Santos lembra que parlamentares do grupo votaram a favor do processo que destituiu a ex-presidente Dilma Rousseff mesmo ocupando ministérios naquela gestão. Em entrevista à DW Brasil, o cientista político analisa as origens do grupo, criado na Assembleia Constituinte, e seu papel ao longo da Nova República.
DW Brasil: Enquanto cientista político, como você definiria o Centrão?
Fabiano Santos: Esse termo foi criado no período da transição democrática, mais especificamente na Assembleia Constituinte de 1988. Naquele processo, havia a Comissão de Sistematização, que tinha um poder de agenda fenomenal: aceitava os capítulos e artigos propostos pelos parlamentares que vinham de comissões específicas e propunha para votar aquilo que considerava importante. A Comissão era presidida por Mário Covas, um liberal com inclinações progressistas que tinha criado o PSDB em oposição à aproximação do PMDB com o PFL, partido herdeiro das máquinas políticas ligadas ao regime militar. O texto constitucional que vinha sendo construído era mais à esquerda que o Congresso. Isso motivou uma revolta do plenário, liderada pelo deputado do PTB Roberto Cardoso Alves, conhecido como Cardosão.

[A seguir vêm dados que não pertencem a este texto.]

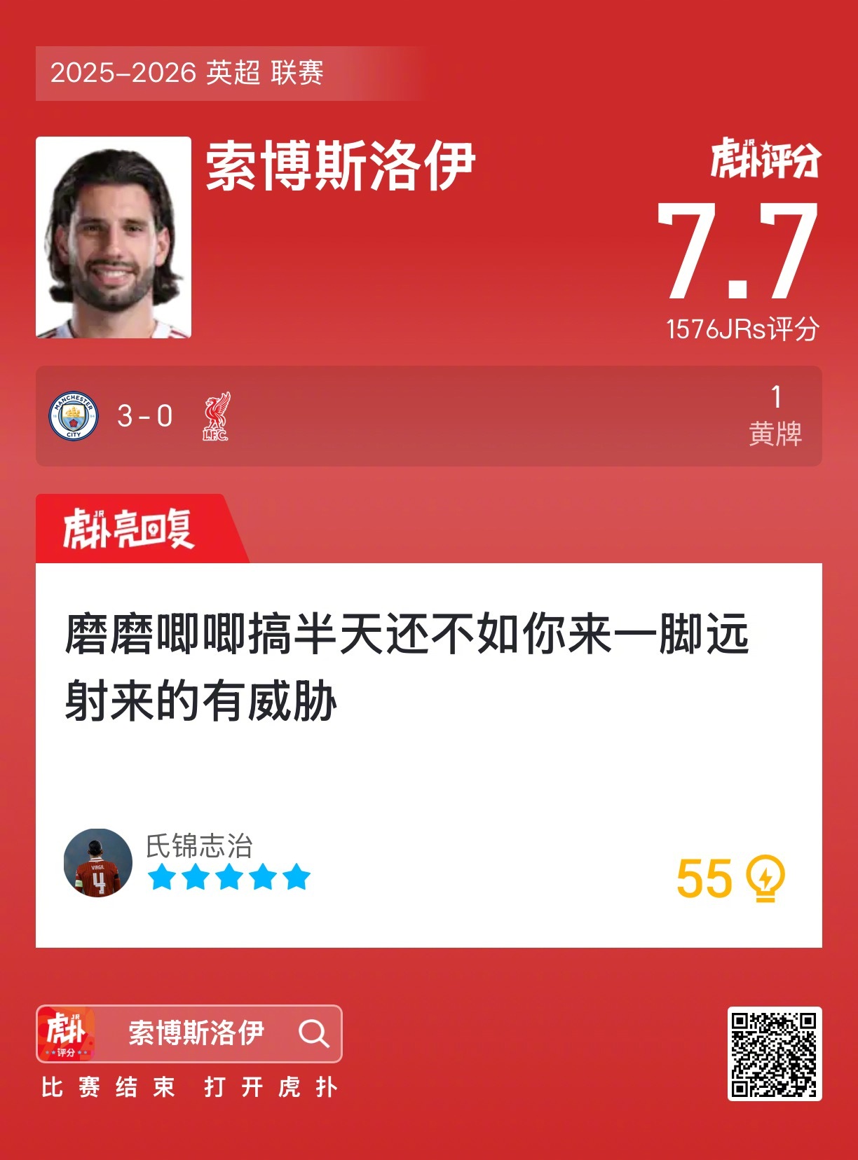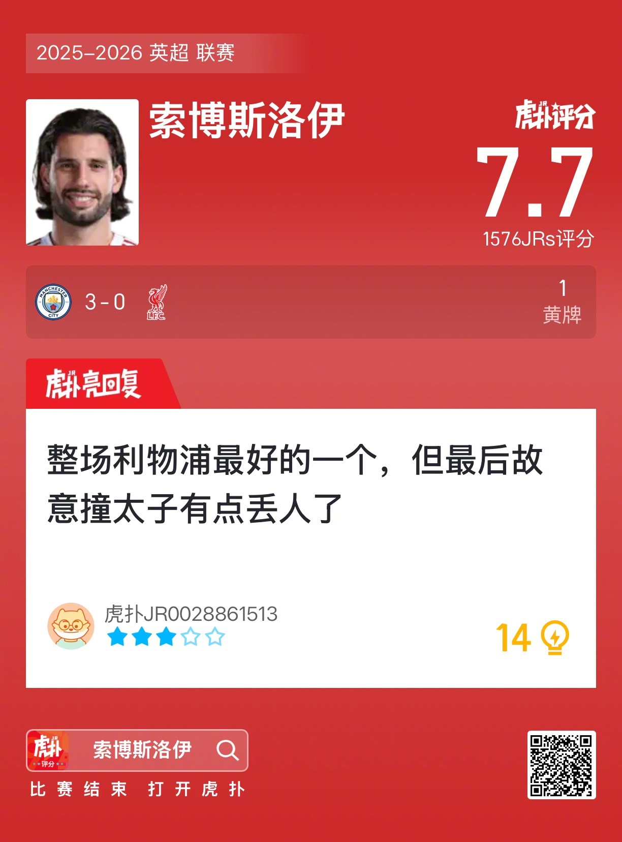 曼城3比0利物浦索伯斯洛伊赛后收获7.7的虎扑评分!
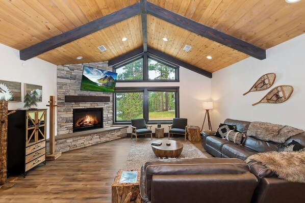 Step through the oversized front door and be welcomed by rich hardwood floors that lead into the open-concept living area. Vaulted ceilings and wood beam accents frame the space, creating a warm, inviting atmosphere. The living room features a leather L-shaped couch, a floor-to-ceiling rock gas fireplace, and a large flat-screen smart TV. Enjoy the peek-a-boo views of the lake and the perfect setting for relaxation and entertainment.
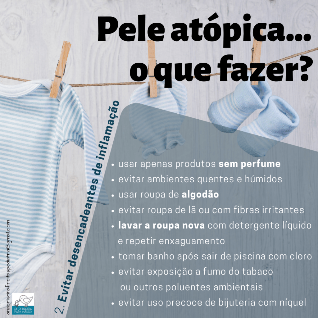 E por fim não esquecer que estas crianças têm uma pele mais sensível e suscetível a infeções, por terem mais “brechas” por entram as bactérias. Portanto, se as zonas de eczema começarem a ficar ainda mais vermelhas e com uma crosta amarelada é importante consultar o médico para saber se é necessário começar antibiótico.
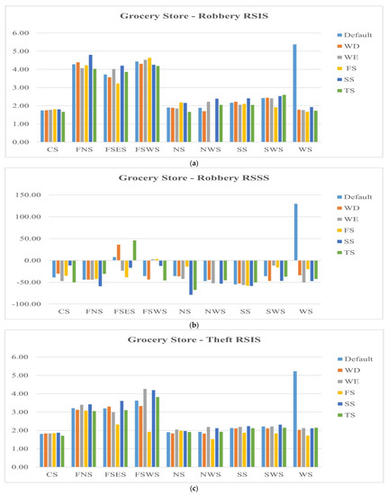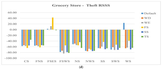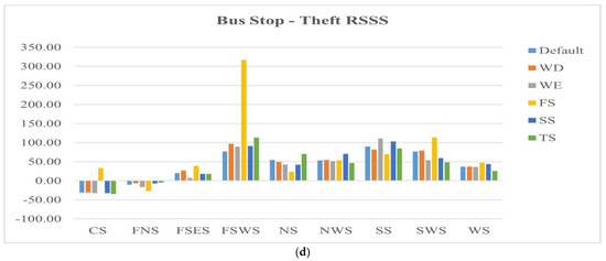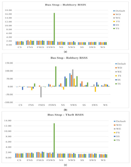 Figure 9 displays the RSIS and RSSS values of the bus stop in robbery and theft incidents across spatiotemporal models. The results of the Wilcoxon signed rank test indicated that theft RSIS of bus stops in the default model was significantly increased in the second shift (p-value < 0.01) and decreased in the first shift (p-value < 0.05). It also indicated a higher robbery RSIS during the first shift (p-value < 0.05). We observed significantly higher RSSS of theft than that of robbery in the first shift. The Kruskal-Wallis test showed a lower RSIS of theft and robbery than that of fast-food restaurants and grocery stores in general. This relationship was reversed for RSSS values, as bus stops mostly had positive RSSS values. The tests revealed a significantly higher theft and robbery RSISs of bus stops located in the FNS, FSES, and FSWS. For RSSS, bus stops were found to have the lowest values in both crime types in the CS and NS.

Ele percebeu que a Constituição elaborada ali não tinha a cara do parlamento. Era um deputado experiente, ligado anteriormente à Arena, e anticomunista. O Cardosão criou o nome Centrão para designar o grupo liderado por ele com o objetivo de forçar a votação dos textos que vinham da Comissão de Sistematização, parágrafo por parágrafo. Eles fizeram uma série de modificações no regimento da Constituição a fim de permitir que, com com um certo apoio, os deputados pudesse colocar para votação os artigos, capítulos e frases formuladas. Os líderes mais importantes da Constituinte, formadores de opinião, tiveram que refazer o regimento criando, por exemplo, colégios de líderes.

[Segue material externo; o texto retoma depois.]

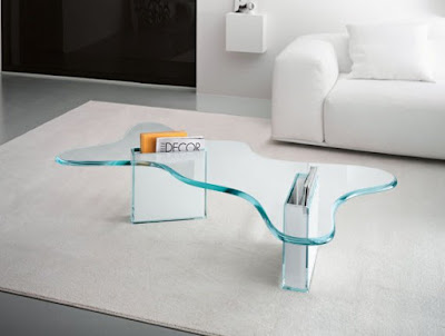 وقد ابدع المصممون في ابتكار اشكالا كثيرة من الطاولات والتي تتماشى مع الامكانيات التي يسمح بها الزجاج لتشكيله .
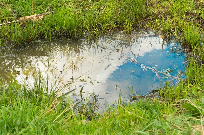 Лужа после дождя в которой отражается небо
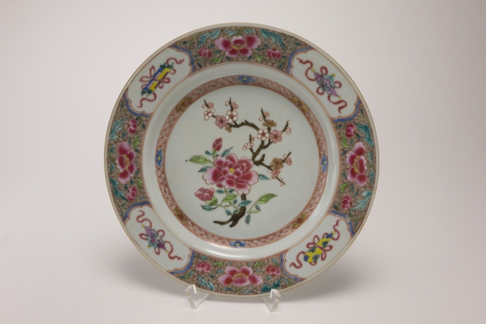 Rijksmuseum Amsterdam Bell-shaped cup and saucer with bouquets and floral scrolls on a diaper-patters ground
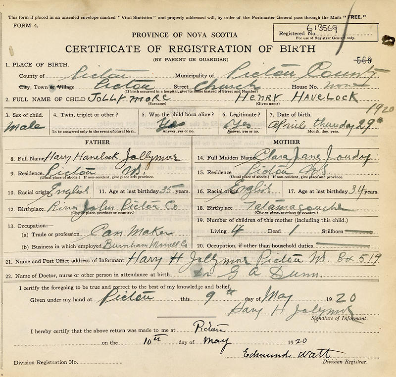 Parents Father: JOLLYMORE, Harry Havelock Mother: JOUDRIE, Clara Jane Birth Born on April 29, 1920 in Pictou, Pictou Co., NS Death Died on July 23, 1944 in New Glasgow, Pictou Co., NS Buried in Saint James Cemetery in Pictou, Pictou Co., NS Notes Occupation: Coal Miner Death: Cerebral Hemorhage Military Service: WW2 RC Army Sources Nova Scotia Deaths: Book 215 Pg. 751 Images Harry Jollymore Birth Harry Jollymore
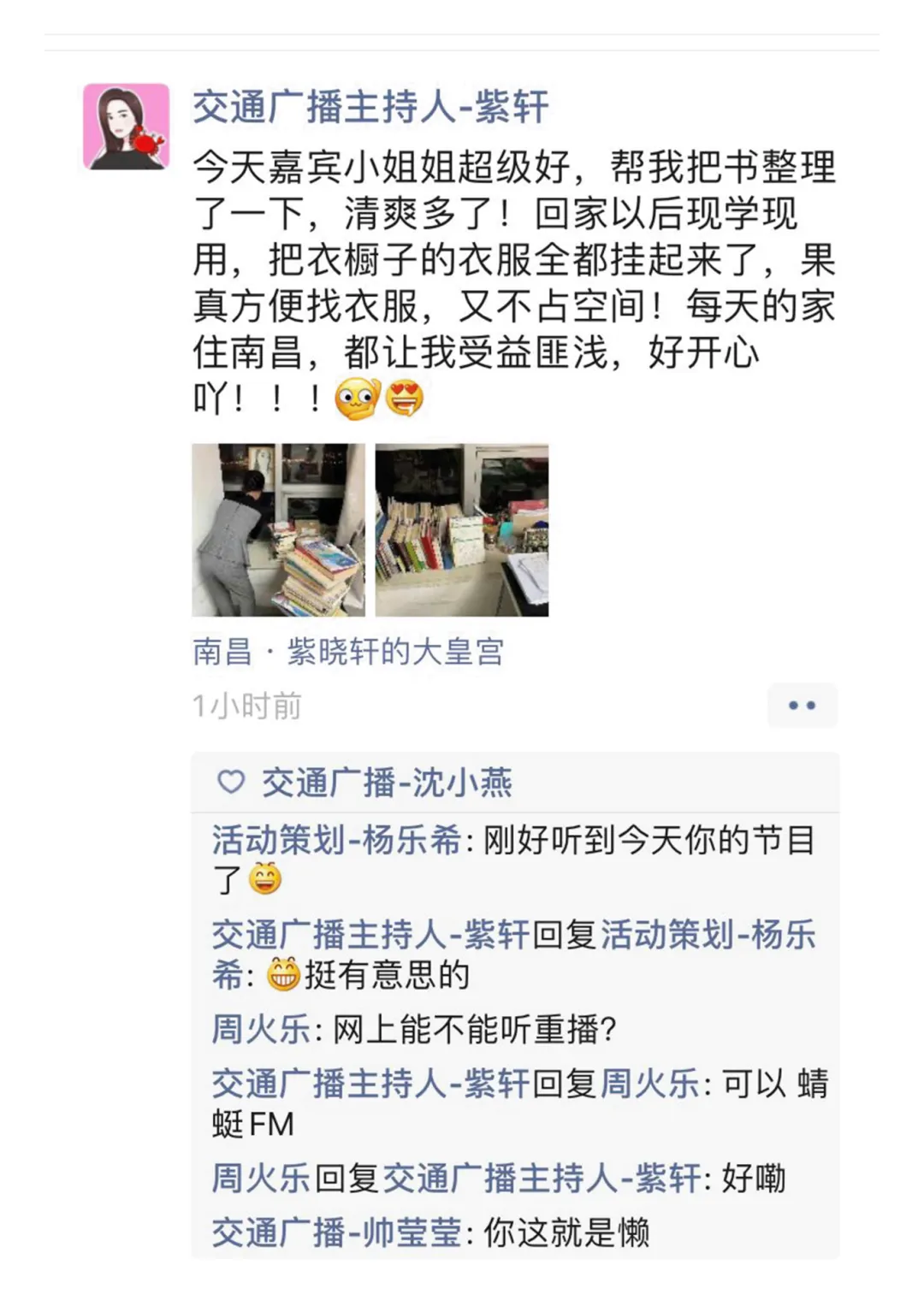 直播结束后,主持人紫轩第一时间在朋友圈分享了自己的 “现学现用”,这条动态也引发了众多听众的共鸣,大家纷纷表示,这场直播不仅学到了实用的收纳技巧,更对这个新兴职业有了全新的认识。

As coisas só iam a voto depois de haver consenso entre uma maioria consistente de lideranças partidárias, as quais passam a ter muita importância, porque perceberam, naquele momento, que essa revolta do plenário poderia produzir um caos, uma entropia dentro do Congresso. Então, passou a ser mais discutido com os conservadores a Constituinte e toda a agenda do Congresso dali por diante. O Centrão nasce ali, como reação de uma parcela conservadora do Congresso a um foco de poder de agenda visto como mais à esquerda. O Cardoso Alves consegue um apoio pluripartidário, com parlamentares do PMDB, do PFL e do PDS (ex-Arena) que estavam reagindo àquele modo de fazer a Constituição centrado em poucas lideranças: Nelson Jobim, Mário Covas, Miro Teixeira, Ulysses Guimarães, todos políticos com inclinação liberal-progressista, além da influência importante do PT, com poucos parlamentares que faziam barulho.

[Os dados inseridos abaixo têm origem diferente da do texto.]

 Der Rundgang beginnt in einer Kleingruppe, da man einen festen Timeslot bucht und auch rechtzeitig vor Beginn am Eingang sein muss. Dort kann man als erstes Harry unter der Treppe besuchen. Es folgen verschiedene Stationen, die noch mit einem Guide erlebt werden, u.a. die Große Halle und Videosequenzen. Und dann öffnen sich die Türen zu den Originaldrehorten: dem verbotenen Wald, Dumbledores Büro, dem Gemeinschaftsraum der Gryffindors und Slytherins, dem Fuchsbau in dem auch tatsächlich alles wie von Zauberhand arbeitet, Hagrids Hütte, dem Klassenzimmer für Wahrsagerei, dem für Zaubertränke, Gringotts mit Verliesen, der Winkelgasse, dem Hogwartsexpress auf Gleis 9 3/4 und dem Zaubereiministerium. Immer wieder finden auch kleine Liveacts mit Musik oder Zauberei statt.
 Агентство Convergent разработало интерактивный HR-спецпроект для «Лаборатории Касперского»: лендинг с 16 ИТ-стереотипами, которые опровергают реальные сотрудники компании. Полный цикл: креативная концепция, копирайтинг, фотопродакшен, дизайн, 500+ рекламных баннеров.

A marca fisiológica do Centrão já aparece nesse início?
O Cardosão usava abertamente a expressão franciscana “é dando que se recebe” – ou seja: “Por que a gente vai votar? Política é troca”. Ele queria que o Executivo compensasse eventuais perdas ideológicas nas quais eles estavam incorrendo. Nós estamos votando nessas coisas aqui, mas temos que receber parcelas de poder para continuar a fazer política. Nasceu ali.